**Records provided**
========
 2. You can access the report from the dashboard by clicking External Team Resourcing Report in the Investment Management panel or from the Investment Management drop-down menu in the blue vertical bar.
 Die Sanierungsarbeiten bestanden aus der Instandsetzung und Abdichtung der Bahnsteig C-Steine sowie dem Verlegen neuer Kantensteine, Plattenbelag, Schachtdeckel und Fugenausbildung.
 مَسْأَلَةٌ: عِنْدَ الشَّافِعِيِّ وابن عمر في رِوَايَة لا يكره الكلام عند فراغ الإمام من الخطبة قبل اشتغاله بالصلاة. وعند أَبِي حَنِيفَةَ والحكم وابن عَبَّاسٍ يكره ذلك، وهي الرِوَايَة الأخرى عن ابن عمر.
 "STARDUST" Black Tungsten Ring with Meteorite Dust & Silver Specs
========
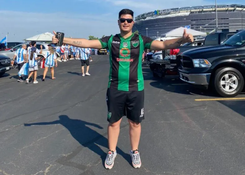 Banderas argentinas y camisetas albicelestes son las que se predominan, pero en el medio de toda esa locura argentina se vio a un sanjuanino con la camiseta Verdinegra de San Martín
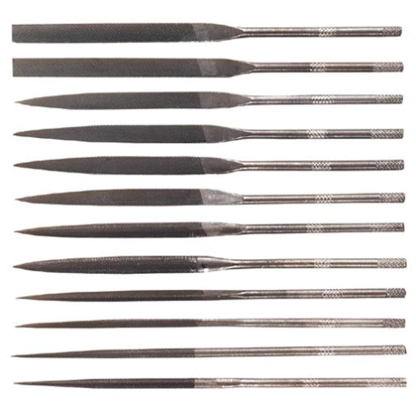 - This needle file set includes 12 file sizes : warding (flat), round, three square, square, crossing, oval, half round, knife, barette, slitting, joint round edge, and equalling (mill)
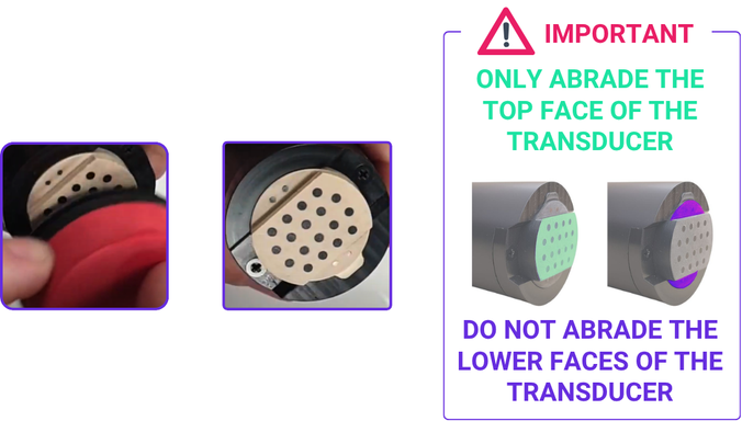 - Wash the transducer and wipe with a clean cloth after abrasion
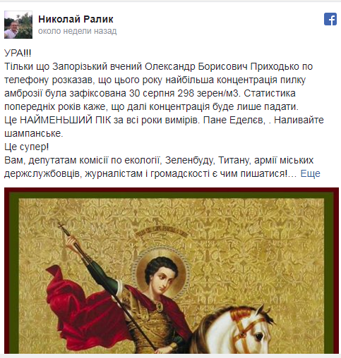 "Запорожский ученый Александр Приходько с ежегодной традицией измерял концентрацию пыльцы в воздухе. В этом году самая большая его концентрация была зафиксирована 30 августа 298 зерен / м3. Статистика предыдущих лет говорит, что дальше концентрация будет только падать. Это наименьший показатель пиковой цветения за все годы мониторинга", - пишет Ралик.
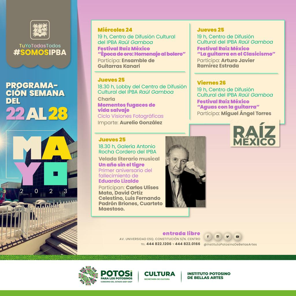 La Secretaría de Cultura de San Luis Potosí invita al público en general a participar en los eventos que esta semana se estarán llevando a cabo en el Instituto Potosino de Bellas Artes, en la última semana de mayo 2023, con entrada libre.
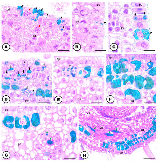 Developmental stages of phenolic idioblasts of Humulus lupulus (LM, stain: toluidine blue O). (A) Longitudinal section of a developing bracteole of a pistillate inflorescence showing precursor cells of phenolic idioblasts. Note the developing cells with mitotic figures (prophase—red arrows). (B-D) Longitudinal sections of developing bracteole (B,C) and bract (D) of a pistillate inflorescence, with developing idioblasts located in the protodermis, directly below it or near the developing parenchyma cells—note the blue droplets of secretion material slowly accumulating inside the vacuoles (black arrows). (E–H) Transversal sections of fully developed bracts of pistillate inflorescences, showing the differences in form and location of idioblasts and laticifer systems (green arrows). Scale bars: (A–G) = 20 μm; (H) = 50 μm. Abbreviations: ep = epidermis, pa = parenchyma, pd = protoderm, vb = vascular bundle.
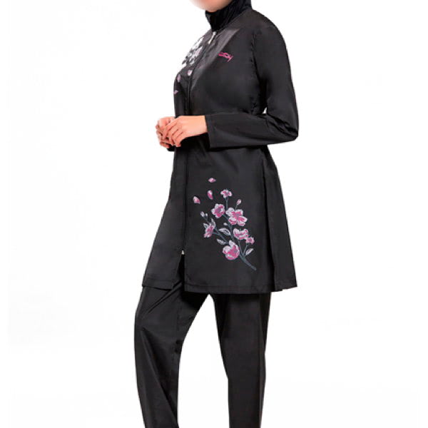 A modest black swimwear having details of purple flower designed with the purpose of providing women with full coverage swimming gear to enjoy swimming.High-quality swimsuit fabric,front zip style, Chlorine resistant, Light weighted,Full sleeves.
========
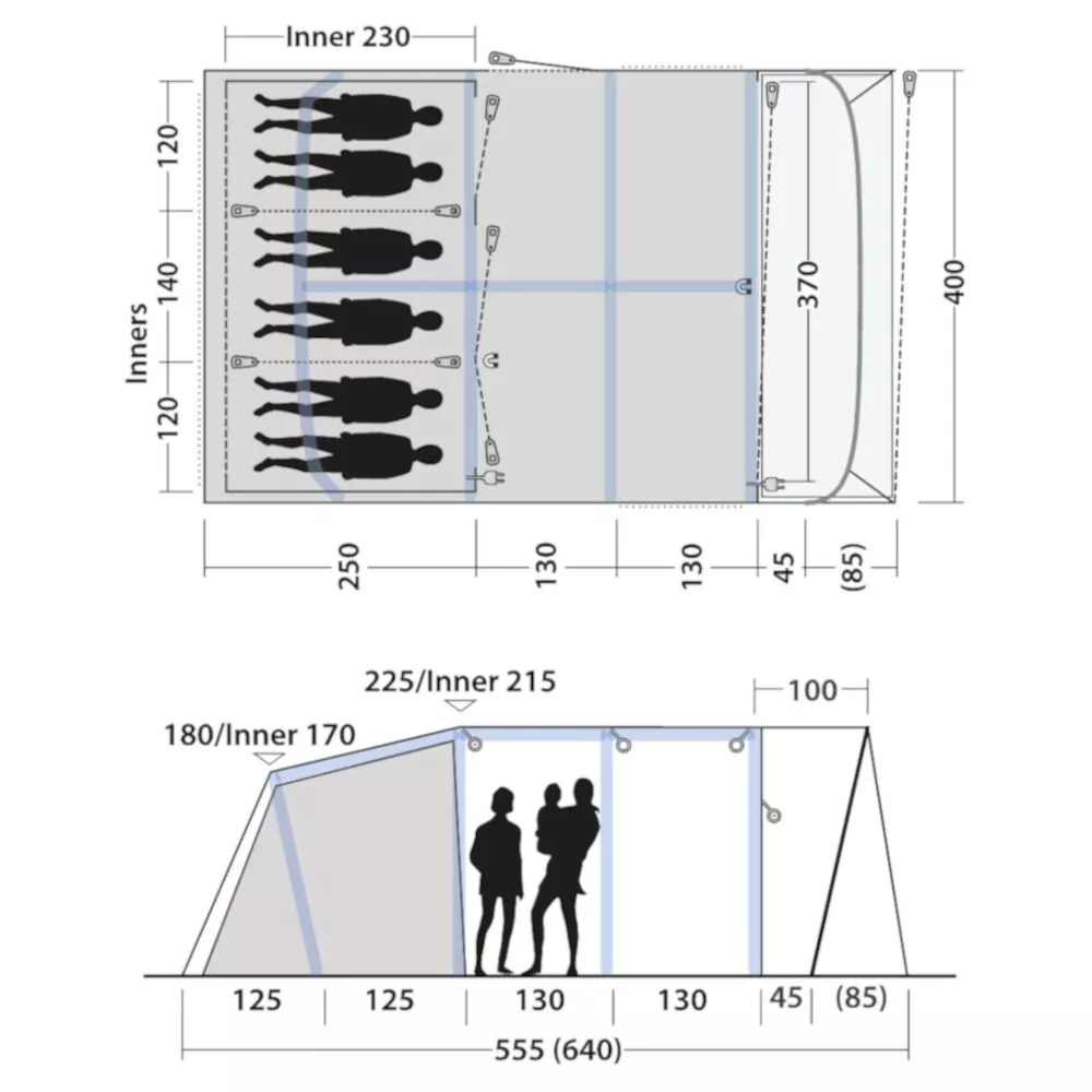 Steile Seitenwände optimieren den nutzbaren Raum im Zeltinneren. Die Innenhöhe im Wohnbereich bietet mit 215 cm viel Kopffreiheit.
========
**What is expected**
Retype exactly, and only, the lines above from the one where "2. You can access" occurs up to and including the one where "Die Sanierungsarbeiten bestanden" occurs.

**Reply to the exercise**
 2. You can access the report from the dashboard by clicking External Team Resourcing Report in the Investment Management panel or from the Investment Management drop-down menu in the blue vertical bar.
 Die Sanierungsarbeiten bestanden aus der Instandsetzung und Abdichtung der Bahnsteig C-Steine sowie dem Verlegen neuer Kantensteine, Plattenbelag, Schachtdeckel und Fugenausbildung.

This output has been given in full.